Inplace operators behaviour for dask arrays inconsistent with numpy #5199

ivirshup · 2019-08-01T11:04:08Z

Inplace operators modify numpy arrays inplace, but end up making a copy of dask arrays.

# Using dask v2.2.0, numpy 1.17.0
import numpy as np
import dask.array as da
x_np = np.zeros(5)
y_np = x_np
y_np += 1

x_da = da.zeros(5)
y_da = x_da
y_da += 1

print(x_np == y_np)
# [ True  True  True  True  True]
print(id(x_np) == id(y_np))
# True
print(x_da.compute() == y_da.compute())
# [False False False False False]
print(id(x_da) == id(y_da))
# False

I'm not sure if you'd qualify this as a bug, since the behaviour between the two is known to not line up completely. I have also seen related issues have been brought up, like #2588 and #2000.

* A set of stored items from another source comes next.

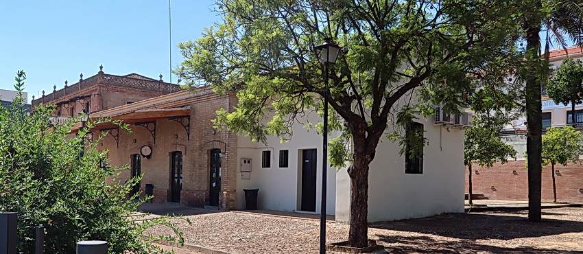 Abgeschlossen hinter einem Zaun liegt der ehemalige Bahnhof von Valverde del Camino.
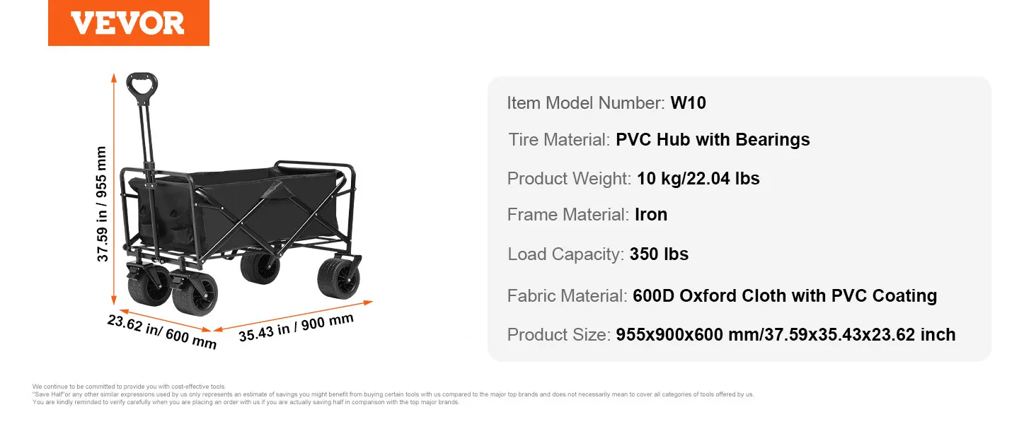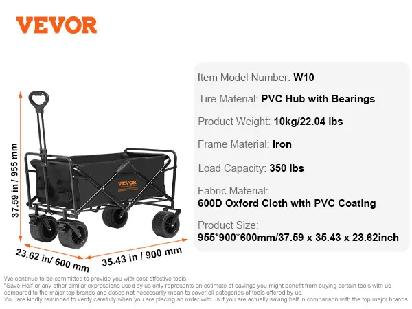 Wózek VEVOR ma koła terenowe. Dzięki nim poruszanie się po piaszczystych plażach lub nierównych ścieżkach jest łatwe. Szerokie koła zapewniają stabilność i zapobiegają zapadaniu się. Obracają się płynnie we wszystkich kierunkach. Dzięki temu kierowanie wózkiem jest bezwysiłkowe. Ponadto możesz zaufać temu wózkowi, że poradzi sobie z różnymi rodzajami terenu. Spraw, aby Twoje przygody na świeżym powietrzu były płynne i bezproblemowe.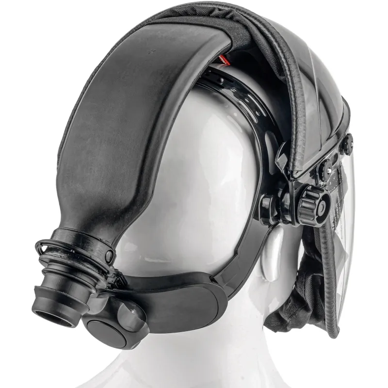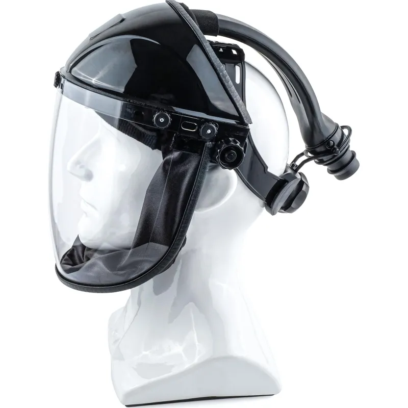 Щиток состоит из бесцветного защитного экрана c антиабразивным покрытием, козырька, наголовного крепления, тканевого лицевого уплотнителя, воздуховода с регулировкой направления подаваемого воздуха.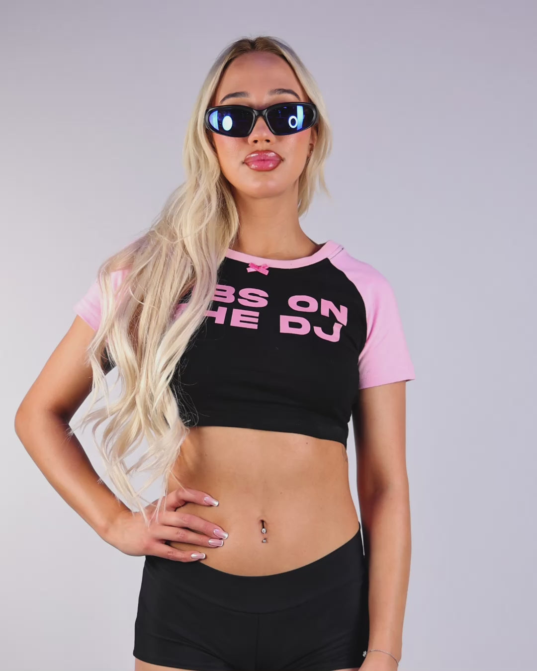Show off your love for the rave scene with this black and pink baseball-style baby tee made just for the girlies who know how to vibe. Perfect for rocking at raves or representing your rave love every day, it combines comfort with a playful edge that keeps your style on beat.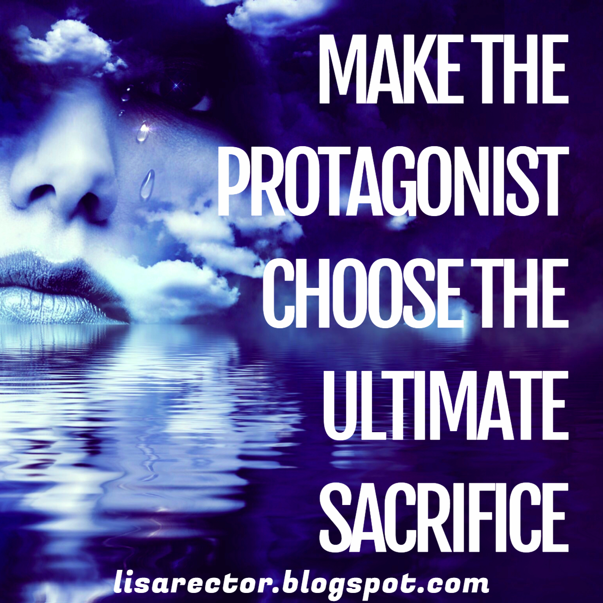 Whatever the sacrifice, make the choice agonizing. Make the stakes high. Make repercussions follow. The choice has to be so tortured and life changing that the reader will feel it too, especially if the setup in the beginning of the novel is done right and the character is someone the reader is invested in.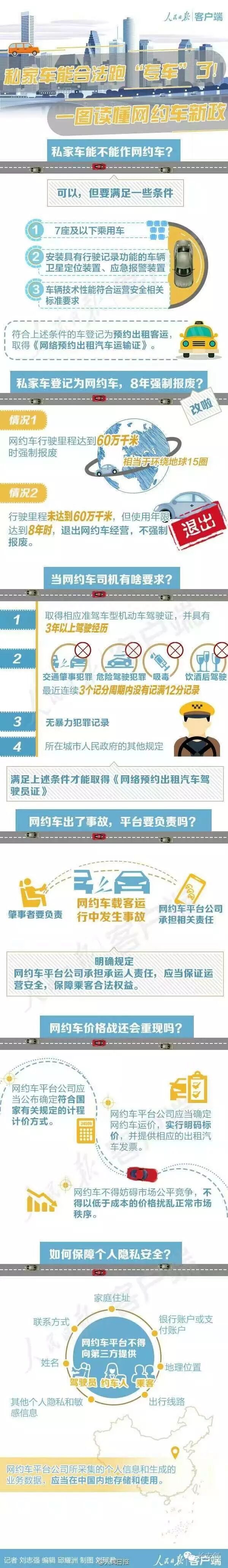 网约车合法化后,满足条件的私家车可按一定程序转为网约车,从事专车运营。此外,鼓励私人小客车合乘。

I think a warning for this behavior could be useful. Alternatively, I think this could just be an inplace operation. Here's are some proof of concept implementations. This should probably be done with ufuncs if implemented.

import dask.array as da
import numpy as np

# Something like this
def dask_iadd(x, y):
    np.add(x, y, out=x)
    return x
da.core.Array.__iadd__ = dask_iadd

a = da.ones((10, 10))
b = a
b += 1
print(id(a) == id(b))
# True
print(np.all(a.compute() == b.compute()))
# True

Previous crude implementation

import dask.array as da

def _replace(x, y):
    x._meta = y._meta
    x.dask = y.dask
    x.name = y.name
    x._chunks = y.chunks
    return x

da.core.Array.__iadd__ = lambda x, y: _replace(x, x + y)
# etc

z = da.zeros((2, 2))
z += 1
z.compute()
#  array([[1., 1.],
#         [1., 1.]])

martindurant · 2019-08-01T15:24:29Z

Truly in-place operations would not be appropriate, since Dask tasks are functional, and tokenized, you do not want inputs changing. Consider, how would you make this work when you have workers in different processes/machines, you might modify the in-memory version, but that would have no effect on copies of the data held elsewhere, or if the worker went down.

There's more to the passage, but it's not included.